Until 2030, the district will keep evolving into a city of its own, eventually offering homes for 20,000 residents and working places for another 20,000 people. Some of them will be part of an extensive research project: how to use resources as efficiently as possible – by living inside connected building systems with intelligent power grids and interacting communication technologies.

The first participants of this “living lab” will be the inhabitants of the 213 apartments in complex D12 – suited with Smart Meters and Home Automation. Measurements of air quality like CO2 and humidity can be linked to the automatic regulation of the home automation system. The so-called Eco-Button turnes-off pre-defined power outlets and of course energy consumption can be visiualized and temperature can be controlled via smartphone.

Different lifestyles in terms of energy usage will be documented, ideally leading to the creation of individual incentives for optimizing energy usage – for instance a gamified challenge in which inhabitants compete in a game of “who can save most energy.”

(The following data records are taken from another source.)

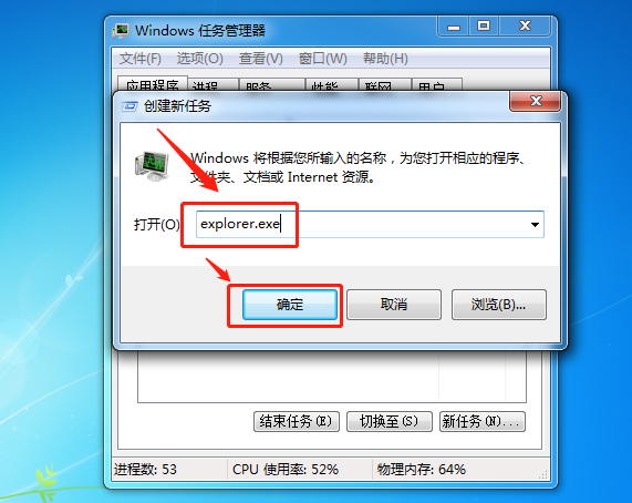 在“创建新任务”页面的输入框中输入“ explorer.exe”,最后单击“确定”。
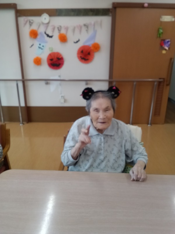 本日はハロウィーンの準備をしていて被り物を出してみるとご入居者様から被り物を見て被りたいと要望がありハロウィーンではないのですが、被ることで皆が盛り上がってしまいご入居者様とハイポーズで写真を撮ってみました。
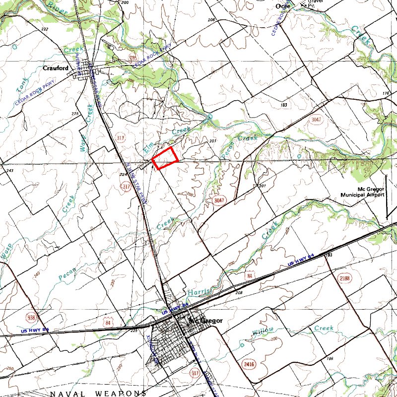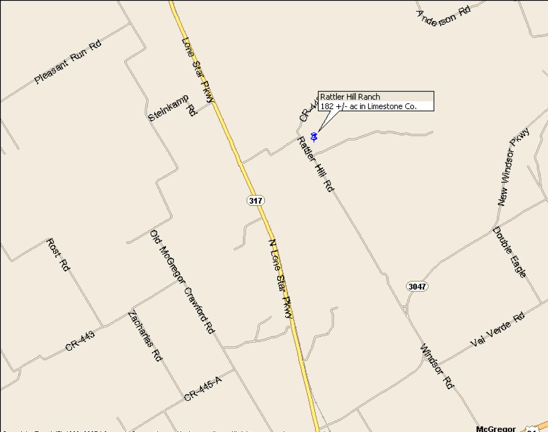 Research Parcel InformationTake Hwy 84 West from Waco about 12 miles; in McGregor take Hwy 317 north about 3.5 miles. Turn right on Rattler Hill, property begins on left side of road at 2nd hard right.

Architecture meets smart energy management

Just down the road – complex D18, to be exact – a primary school and kindergarten, are waiting for the first kids to move in after the summer. An integral component of the project, their future school will be the test subject for yet another smart building concept: “The focus of the school project is optimized heat supply, which won’t be connected to the district heating network – but will be totally self sufficient thanks to ground water and air heat pumps combined with a solar thermal facility”.

For students: there will be a Dormitory with around 220 kWp photovoltaic facilities installed on the roof and a battery storage in the parking area under the earth – therefore, the building is on the one hand not only using, but also supplying energy to the network and on the other hand trying to become a passive plus building, meaning it will generate more electricity over a year than what is needed. Flexibilities are pooled sold at different energy marktes. A building energy management system (or BEMS) will be connected to an energy pool manager – an intereface between building and energy market.

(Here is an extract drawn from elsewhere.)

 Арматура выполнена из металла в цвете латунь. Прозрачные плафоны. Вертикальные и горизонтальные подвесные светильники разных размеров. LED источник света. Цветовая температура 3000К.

Designing a smart city - from scratch

The smart research project stands upon four pillars. These factors result in a comprehensive idea of how a town of 20,000 residents can be designed from scratch – as a sustainable, smart city of the future.

smart building: using knowledge and data, forecasts of future energy consumption can be made and optimized for each building individually. They will participate actively in different energy markets and therefore will be able to react flexible and independently towards changes within the system.

smart citizen: research and innovation depends on the user, since novel technologies can only establish themselves if accepted by society. Therefore, the research is not only carried out in terms of energy use, but also with regard to sociological aspects and usability.

smart grids: control and surveillance of the electricity network will be supported by analysis of acquired real data. The aim is to optimise strategies for operative aspects, as well as to find suitable solutions to cater for future needs of the market.

smart ICT: building control systems and grid control systems as well as a high number of data points will be connected via information- and communication technologies in order to be able to analyse various scenarios of the underlying research questions. Finally, a lot of helpful findings shall be the output..

New perspectives: learning (by doing) in Aspern

The cooperative approach – 30 scientist from different disciplines – aids in finding simple solutions to complex problems. While the research program of ASCR might be finished in three years, Wien Energie remains interested and optimistic about continuing their research. In any case, we will keep our fingers crossed and hope for valuable results, in testing developments and positive feedback – in order to ensure the future of this unique project.

Today, walking around the quiet streets (so far, there is only a few of them) feels a little odd – one may be reminded of a western movie, when looking over the empty fields beyond the lake. However, sooner or later Aspern will develop into something very special: a smart city (within a city) and – you never know – it might just be the start of our future.